About this exercise:
In the data below, find the line that contains "5 лютого о 19.00" and the line that contains "Установка тента под". Copy both, plus every line between them, exactly.

Supplied entries:
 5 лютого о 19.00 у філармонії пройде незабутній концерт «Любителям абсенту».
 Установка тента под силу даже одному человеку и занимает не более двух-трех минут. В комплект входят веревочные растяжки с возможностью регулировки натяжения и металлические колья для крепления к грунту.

--

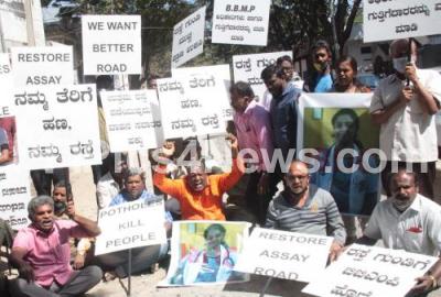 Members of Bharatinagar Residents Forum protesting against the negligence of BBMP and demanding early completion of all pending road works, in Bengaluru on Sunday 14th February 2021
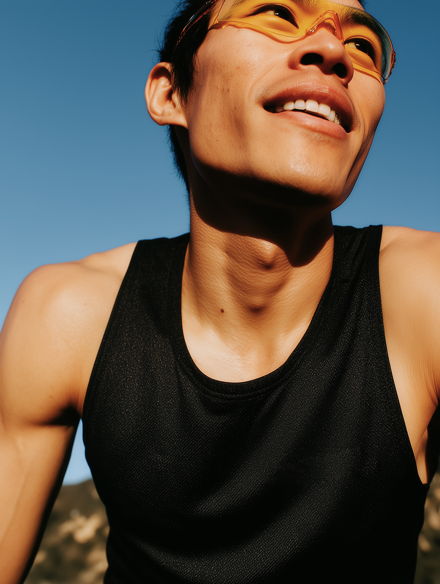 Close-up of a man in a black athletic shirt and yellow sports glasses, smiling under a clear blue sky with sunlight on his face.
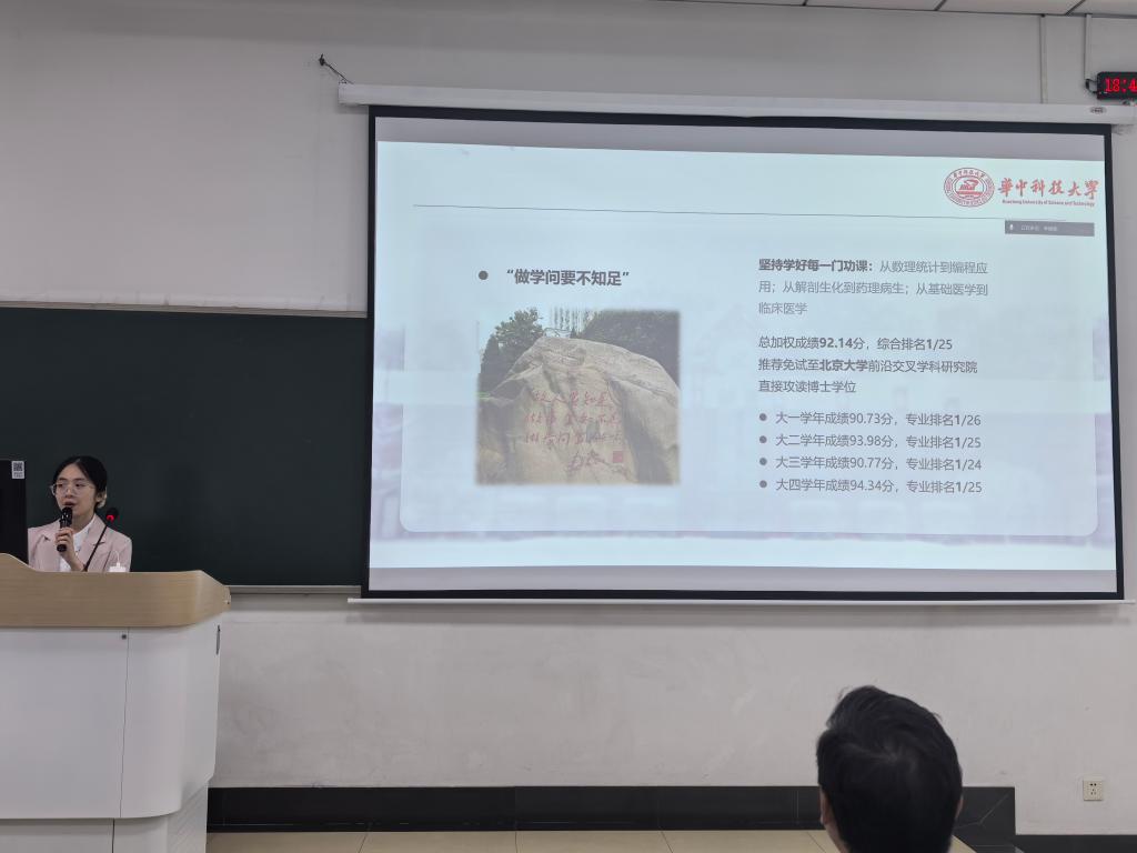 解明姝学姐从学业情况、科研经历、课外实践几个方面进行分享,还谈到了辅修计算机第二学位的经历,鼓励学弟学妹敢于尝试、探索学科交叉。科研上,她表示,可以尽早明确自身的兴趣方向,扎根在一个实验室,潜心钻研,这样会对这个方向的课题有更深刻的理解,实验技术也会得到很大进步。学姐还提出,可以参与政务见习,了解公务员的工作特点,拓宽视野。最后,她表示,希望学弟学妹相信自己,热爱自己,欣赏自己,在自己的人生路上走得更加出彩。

Answer to this task:
 5 лютого о 19.00 у філармонії пройде незабутній концерт «Любителям абсенту».
 Установка тента под силу даже одному человеку и занимает не более двух-трех минут. В комплект входят веревочные растяжки с возможностью регулировки натяжения и металлические колья для крепления к грунту.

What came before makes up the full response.